‘Searching for Home,’ by Humaira Abid. Pine wood and red stain. • Photo by Adeel Ahmed

“I feel as an artist, my goal is to raise awareness through my work and discuss issues that are often overlooked. Whatever people don’t want to talk about in society is what I want to bring out through my practice.”  —Humaira Abid

The purpose of art is to communicate: to share the beauty of an object or place, to convey a feeling, to rally around a cause, to remember a person, to tell a story. Artists create because they have something to say. Humaira Abid has made it her business to speak for those who are not being heard. Growing up in Pakistan, she had to fight for the right to follow her passion: to study art in college and pursue it as a career. She had to push back against her family’s expectations and the role society defined for her as a woman. Later, as a wife, she endured three miscarriages in order to become a mother. Out of these experiences came an empathy for the struggles of all women, that she expresses in her art. The seven works in Searching for Home, her current show at the Bellevue Arts Museum, illuminate the plight of women and children who flee their own countries; the threats that drive them out; and the dangers they encounter as refugees.

Each installation is composed of life-size wood sculptures modeled on real objects: suitcases, shoes, bricks, toys. The wood is bare except for strategically placed stains. In this show, there is a lot of red, alluding to the violence that refugees suffer.

“I use a lot of symbols in my work,” Abid says. In “The World is NOT Perfect,” shoes, clothes, and cell phones stand in for the people that wore them, now scattered in a pile of bricks in the aftermath of some unnamed tragedy. In “The Stains Are Forever,” babies’ pacifiers, some stained red, represent the children killed in a mass shooting at a school in Peshawar, Pakistan in 2014. But a sweeper seems to be pushing them into the past. Then there are the lines of ants that meander across several of the installations.

“Ants are hardworking. They are always moving and migrating. They are often found with things that are dead or decaying,” Abid explains. But their presence is insidiously thought-provoking. “A lot of my work is objects you recognize… the ants make you think. Their presence starts a conversation.”

Abid’s other discipline is painting in the traditional Mughal style: delicately detailed miniature portraits that introduce real people into her installations. “Fragments of Home Left Behind” presents five of these portraits, hung askew on a bullet-pocked wall. They depict children photographed in various refugee camps. Traditional Mughal painters approach their subjects indirectly, in profile or three-quarter view; these children gaze straight at the viewer. Abid chose children close in age to her daughter.

“Some I felt were talking to me,” she says. “Their expressions speak a lot.” in “This World is Beautiful, and Dangerous Too,” Abid’s own daughter is portrayed in a garden that, on closer inspection, is full of thorny cactuses. The painting is mounted on the seat of a swing suspended above a child’s pair of bloody shoes. Abid saw a photo of the shoes, which belonged to the only girl killed in the 2014 Peshawar massacre, a six-year-old on her first day of school.

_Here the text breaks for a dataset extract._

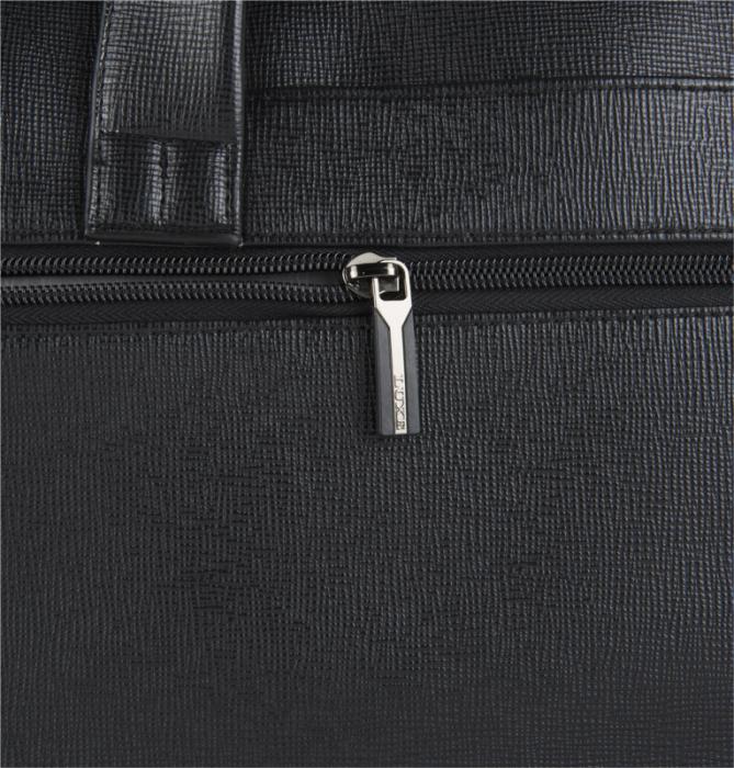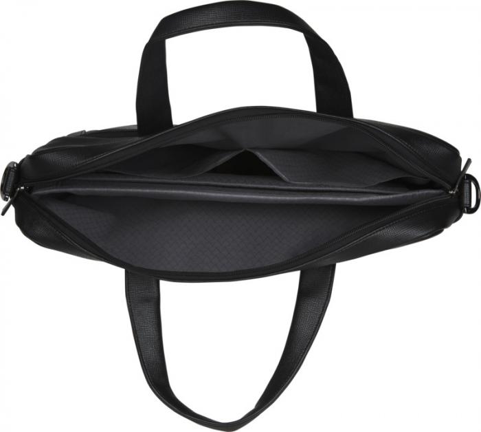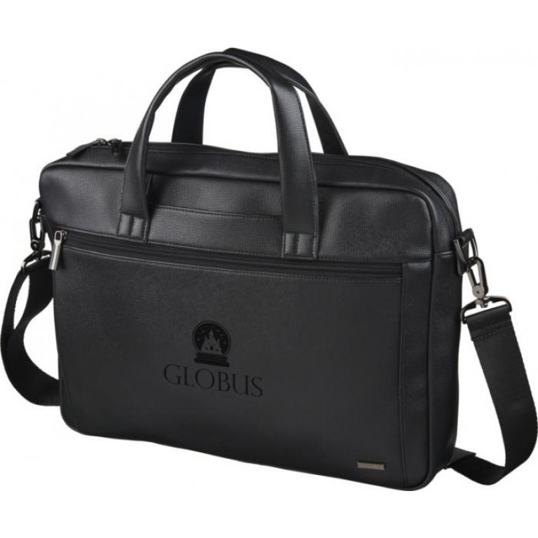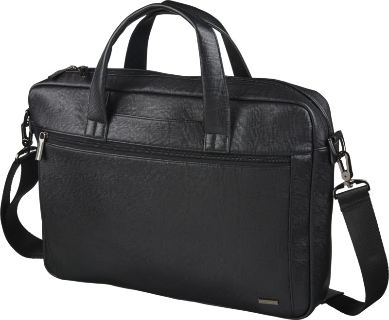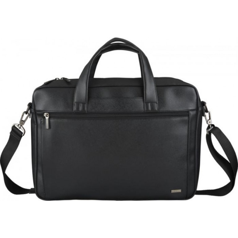 Exterior with textured vinyl gives a luxurious appearance. Small slash pocket between handles and Large zippered pocket with organization panel inside on front side. Zippered main compartment with 2 big slash pockets, padded 15” laptop- and tablet compartment. Trolley sleeve on the back. Nylon webbed adjustable, removable and padded shoulder strap. Sleek and subtle Luxe branding. Vinyl.

“Anything that happens in another country could happen here,” she thought at the time. “It could have been my daughter.”

All of Abid’s choices as an artist are conscious expressions of her ideas. She chose wood as a medium and sculpture as a discipline because both are more often associated with men’s work and, as a female artist, she wanted to claim them. Her work is beautiful and accessible; her virtuoso technique and the hyper-realistic level of detail in her sculptures draw viewers in. Her choice of objects and images and her use of color make them think.

Abid moved to the Pacific Northwest from Pakistan 10 years ago, after marrying a man whose career is based here. Although it was her choice to move, she has an immigrant’s empathy for her subjects. She continues to spend time and maintain studio space in both countries. She has a more elaborate workshop and uses other woodworkers’ facilities in Pakistan, where both space and labor are less expensive. But she doesn’t own a lot of tools or a stockpile of wood.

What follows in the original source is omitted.